During the warm summer months, I like to sit outside and make relief carvings of animals and flowers, but I must admit that I have never tried chip carving. From the instructions, it appears to be a very simple form of wood carving that just about anyone can learn to do.
The article below was originally published in 1897.
Indian Chip Carving
The art of Indian chip carving is one which is just now coming much into favor and it is really, for small articles, even more effective than the relief carving which has been in vogue for many years.
Chip carving has also the advantage of being easier to learn and of requiring only one tool and, as the chips are small and so easily kept together and the wood does not need to be clamped onto the table, it can be done even in the drawing room, and a small article, such as a photograph frame or matchbox, is as nice as a piece of needlework to take with one when paying a visit.
The only tool require is a small knife, as shown in diagram A, costing about 25 cents, though, of course, a pair of compasses, pencil and ruler are necessary to draw one’s own designs, and to anyone with a taste for geometrical drawing this is almost as interesting as the carving.
The wood used must be close grained and soft, as no mallet can be used; white lime and sycamore being the best, though it can be done in other kinds.
In beginning it is best to take some simple pattern, such as is shown in diagram B, which it will easily be seen is composed of small squares crossed from corner to corner.
Grasp the knife firmly in your right hand, using your left hand to guide and keep it steady. Press the point of the knife deeply into the center of the square and cut down the line A, making the cut gradually shallower toward the corner of the square.
Note that this cutting down does not mean drawing the knife down the line, but simply pressing it down onto the line. When cutting down a line which is longer than the knife, the point must be pressed into the center and drawn down the line. Proceed in the same way with lines B,C and D, and so on with all the squares.

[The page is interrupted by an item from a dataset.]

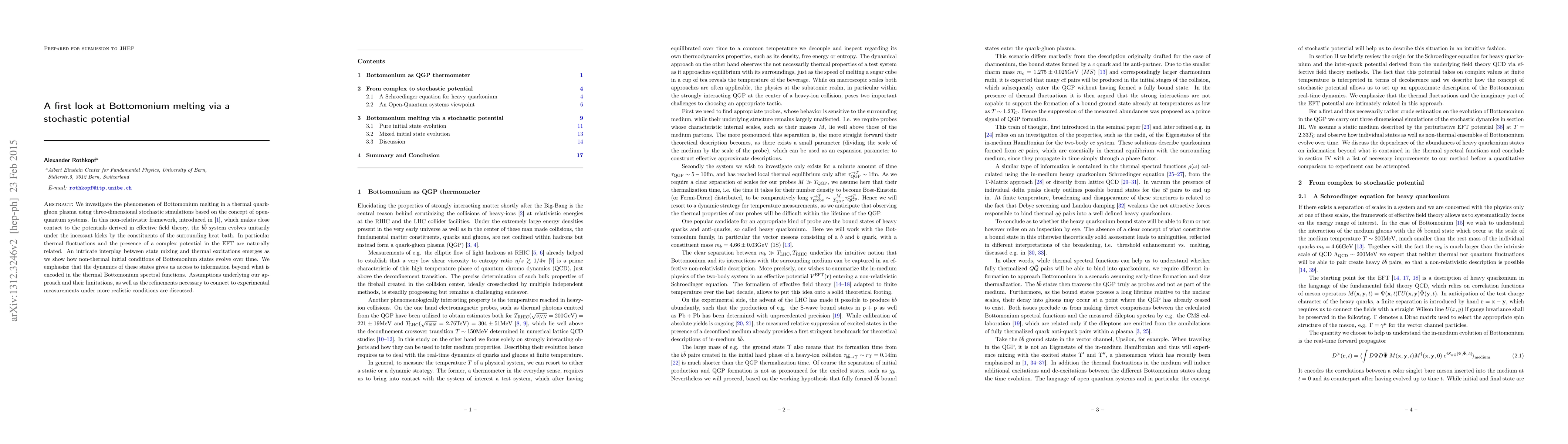 We investigate the phenomenon of Bottomonium melting in a thermal quark-gluon plasma using three-dimensional stochastic simulations based on the concept of open-quantum systems. In this non-relativistic framework, introduced in [Phys.Rev. D85 (2012) 105011], which makes close contact to the potentials derived in effective field theory, the $b\bar{b}$ system evolves unitarily under the incessant kicks by the constituents of the surrounding heat bath. In particular thermal fluctuations and the presence of a complex potential in the EFT are naturally related. An intricate interplay between state mixing and thermal excitations emerges as we show how non-thermal initial conditions of Bottomonium states evolve over time. We emphasize that the dynamics of these states gives us access to information beyond what is encoded in the thermal Bottomonium spectral functions. Assumptions underlying our approach and their limitations, as well as the refinements necessary to connect to experimental measurements under more realistic conditions are discussed.

In cutting down these lines the blade of the knife must be pressed perfectly straight into the wood or the point is liable to break. Then put the point of your knife in an E, keeping the blade nearly flat against the wood, and draw it down the line F, gradually pressing the point into the center of the square, so as to entirely detach the triangular piece of wood. It will be seen by diagram C that when all these triangular pieces (G) have been taken, a line of diamond shaped pieces will be left. Then with the point of your knife make a small straight cut in each side of the diamond, slanting toward the center, and a small slanting cut into the straight one (diamond D), and you will have a very pretty and effective little border.
The depth of the pattern described should be about one-eighth of an inch in the deepest parts.